Heady stuff for someone who, just a few years ago, was playing a Greenwich Village park for handouts from passersby. But the former class cutup also tore up enough comedy clubs to score some movie parts: a wino-hassling home boy in “Do the Right Thing,” a signifying deejay in “House Party,” a rising comic in “Talkin’ Dirty After Dark” and Eddie Murphy’s randy buddy in “Boomerang.” Timing helped, too. Lawrence is riding the same wave that’s carried a slew of young African-American comedians to TV, including close friends Chris Rock (“Saturday Night Live”) and Tommy Davidson (“In Living Color”). Along the way, though, Lawrence took an implicit shot from Bill Cosby, who complained that shows like “Martin” reinforce the stereotype of young black men as oversexed buffoons. Counters Lawrence: “When I heard that, I thought: ‘Wow, Cosby, you ought to look at where you’d be if no one gave you a chance.’ He should be happy for the young talent. We’re not always going to put out the best message, but we put out what we know about.”
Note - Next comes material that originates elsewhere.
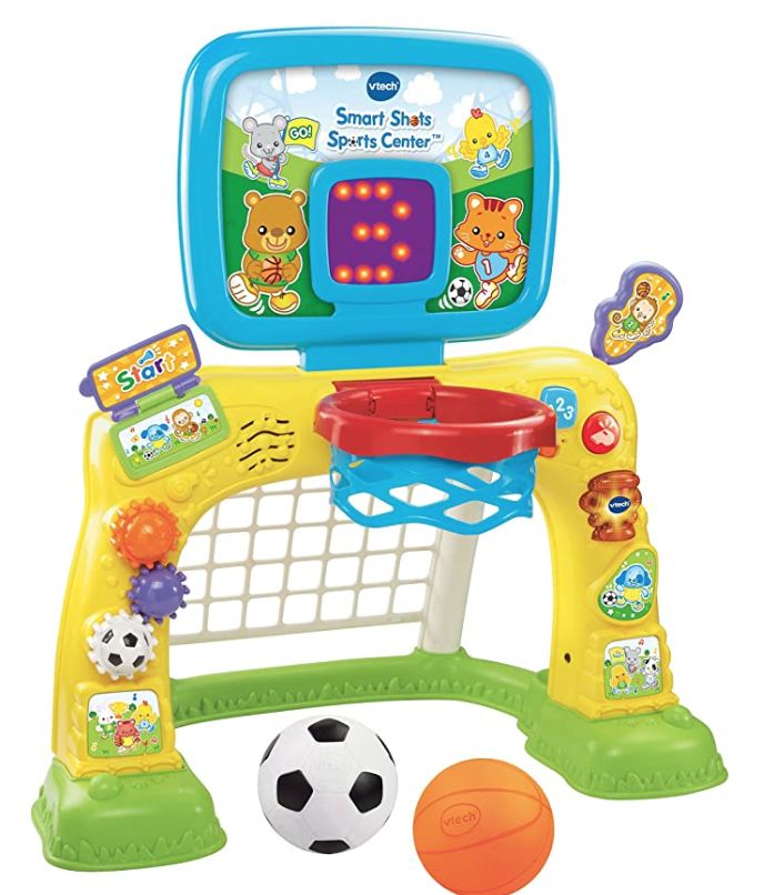 Amazon上超过4000+的好评,有投篮+足球两种玩法,1到3岁的小娃就能玩,还可以给娃计分,还能播放音乐和特定的音效。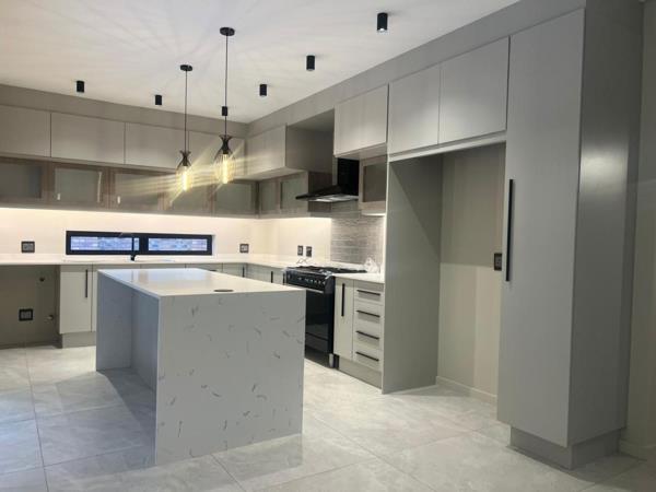 New Development Property in the Heart of Brackenhurst. Step into refined living with this newly built home in the heart of Brackenhurst. This elegant three-bedroom residence features a luxurious master en-suite, complemented by a modern kitchen finished with quartz countertops and a separate scullery. The open-plan design seamlessly connects the lounge, dining, and living areas, creating a spacious and inviting atmosphere.

That, of course, hardly rebuts the Cos’s charge. Still, the message of “Martin”-and what probably accounts for its huge teen following-is engagingly unique. The show’s leading man poignantly struggles to be just that: the man. That sometimes works around Martin’s doofus corner cronies, but never with his girlfriend (Tisha Campbell), who’s smart enough to see through his macho bluster and loving enough to nail him for it: “You’re not in third grade anymore. You’re in a relationship.” In Lawrence’s words, “They’re a real young black couple.” What sitcom has ever shown us that? However Fox’s phone poll comes out, “Martin”-and Martin-are already winners.